Robin: A chance to count.
Seymour Papert: It’s doing all sorts of counting, but now what we’re doing is we’re going to use a number of different criteria and draw the graph on the [inaudible 00:47:05] are finer and finer as the number of grid lines gets bigger, and what’s the estimate of the area to date. These are going to be these different lines, and you can see that they are very different from one another, but when you run it … Did you have that one, on the … ?
Okay, well. There we are. As you run it on successive, as they get closer and closer, you can these shapes which go up and down, and all over the place, because there’s a random, certain element of kind of randomness in it, but they are all converging and they’re all going to be in the limit. They’re going to come to the same result. We’re able to get a deeper connection between this way of getting at area as the limit of these … of counting squares.
Two big advantages of … When two big things are just on there in the usual school curriculum that they’ll come up automatically here. One is that you not only got a tool for a school exercise but you’ve written this program, you can use it to measure areas of all sorts of things. For example, you can scan it a map and use it to measure the area of some country, or some area, or how much of Maine is above some altitude.
You got a usable device and you’ve got at least one deeper connection with important mathematical ideas, and one other is that, you know, this is something that hadn’t struck me before but we’re looking for things where you can get the idea of proof. It’d be interesting to see there are a lot of questions. Suppose I double the size of my figure.

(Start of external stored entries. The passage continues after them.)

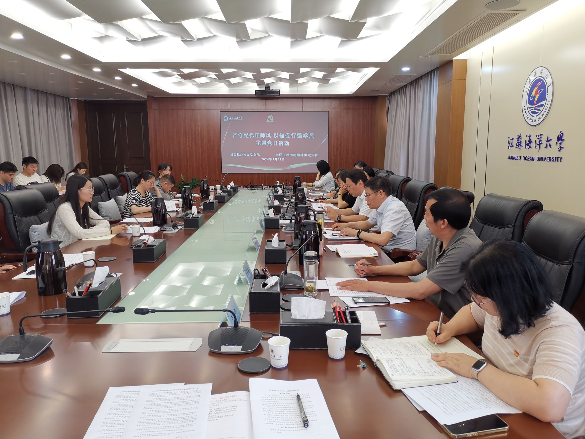为推动党纪学习教育走深走实,引导党员学纪、知纪、明纪、守纪,践行初心使命,牢固树立纪律意识和规矩意识,5月31日下午,机关党办校办党支部、海洋工程学院本科生党支部以及机关党委联合开展“严守纪律正师风 以知促行强学风”主题党日活动。整个活动由机关党办校办党支部书记毛宝海主持。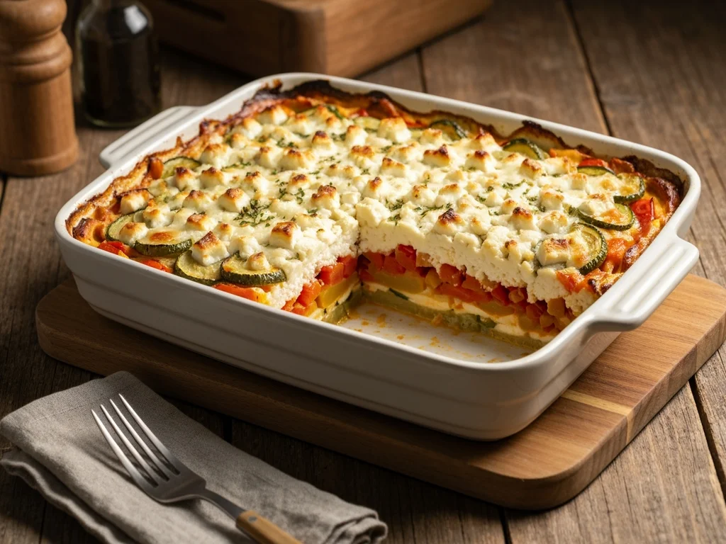 - Na pokrywie naczynia miksującego postawić miskę, odważyć do niej szpinak, odstawić. Na pokrywie naczynia miksującego postawić drugą miskę, odważyć do niej ser feta, odstawić. Zapiekankę warzywną posypać odważonymi liśćmi szpinaku i serem feta. Zapiekankę warzywną z serem feta podawać bezpośrednio po przygotowaniu, z dodatkiem dressingu cytrynowego z chili.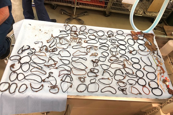 The family’s vet Dr. Randall Murray performed emergency surgery and found 117 hair ties weighing 2lbs from his stomach.
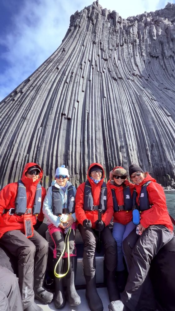 登陆时间约2小时(标准IAATO限制),结束后我们乘坐Zodiac。黑色火山沙滩在雪线下渐行渐远,仿佛一段被时间遗忘的海岸线。两个世纪前,这里曾回荡着捕鲸船,捕海豹船的锚链声;而今天,港湾只属于企鹅的脚步与海豹的鼾声,返回船上时,船员递上热巧克力,我们脸上都带着满足的笑容。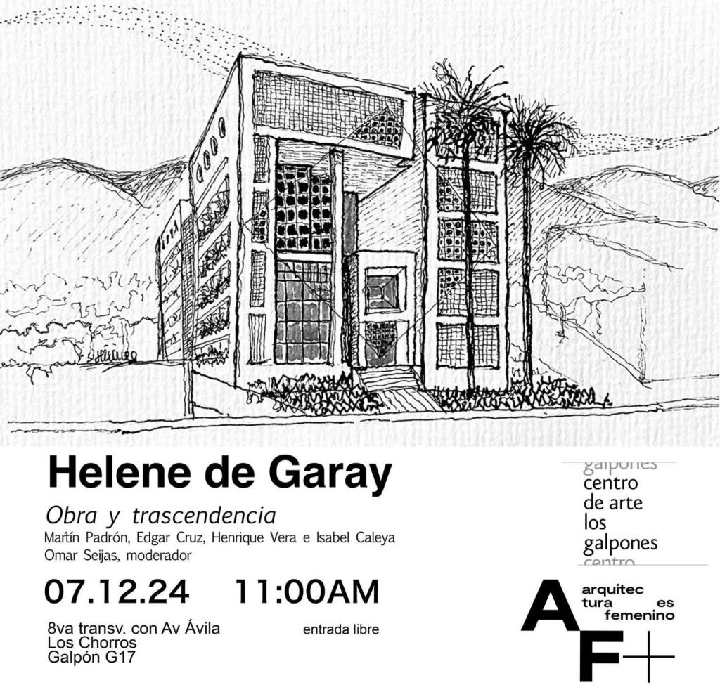 Helene de Garay es arquitecta de la FAU-UCV. Su obra construida es extensa incluyendo el Edificio Fosforera venezolana en Antímano, el Edificio de Oficinas Torre KPMG, el Palacio de Justicia de Barcelona y numerosas edificaciones de vivienda multifamiliar. Ha recibido premios nacionales e internacionales y es directora fundadora de la Fundación Museo de Arquitectura.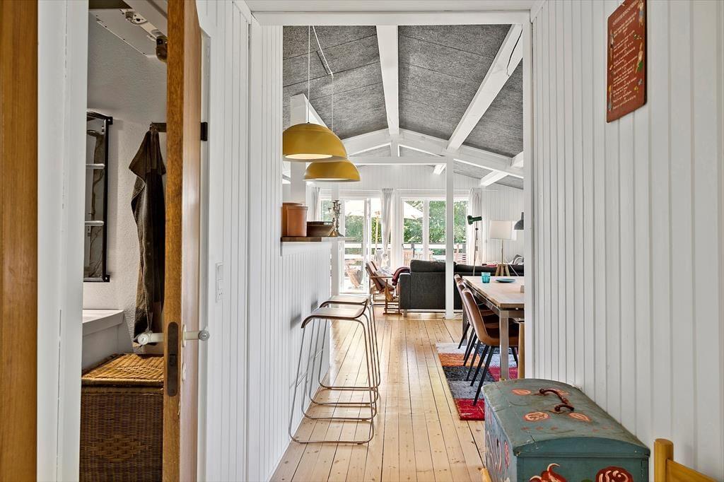 Man træder direkte ind i køkkenet som er åbent til stuen. Her er der opvaskemaskine og mikrobølgeovn,

What do you mean by double the size? Well, expand and blow it up by two. I suppose you can do that somehow. What does this do to the area?
It’s not obvious to most people, probably is to the kid but it’s fairly obvious is you got a square and you blow up the square, double each side it will … The area will be multiplied by four. So, since the area of our complicated figure is just a collection of squares, if each of those squares is multiplied by four in its area, so will the whole thing. We’ve got an approach into proving things that couldn’t be attacked and proven in the usual context. I see we’re taking more time that I thought, so. Well, you get the idea. Do you have the thing for the Monte Carlo?
I’ll skip from this and another way of doing something very similar and getting into better uses of probability is, well, one way to estimate the area of something is to pin it up on the board and throw a lot of darts with your eyes closed, and see how many get in it and out of it. The bigger the area, the more darts will get into it. An interesting question, whether it’s only the size that matters or the shape, but this is something we can do.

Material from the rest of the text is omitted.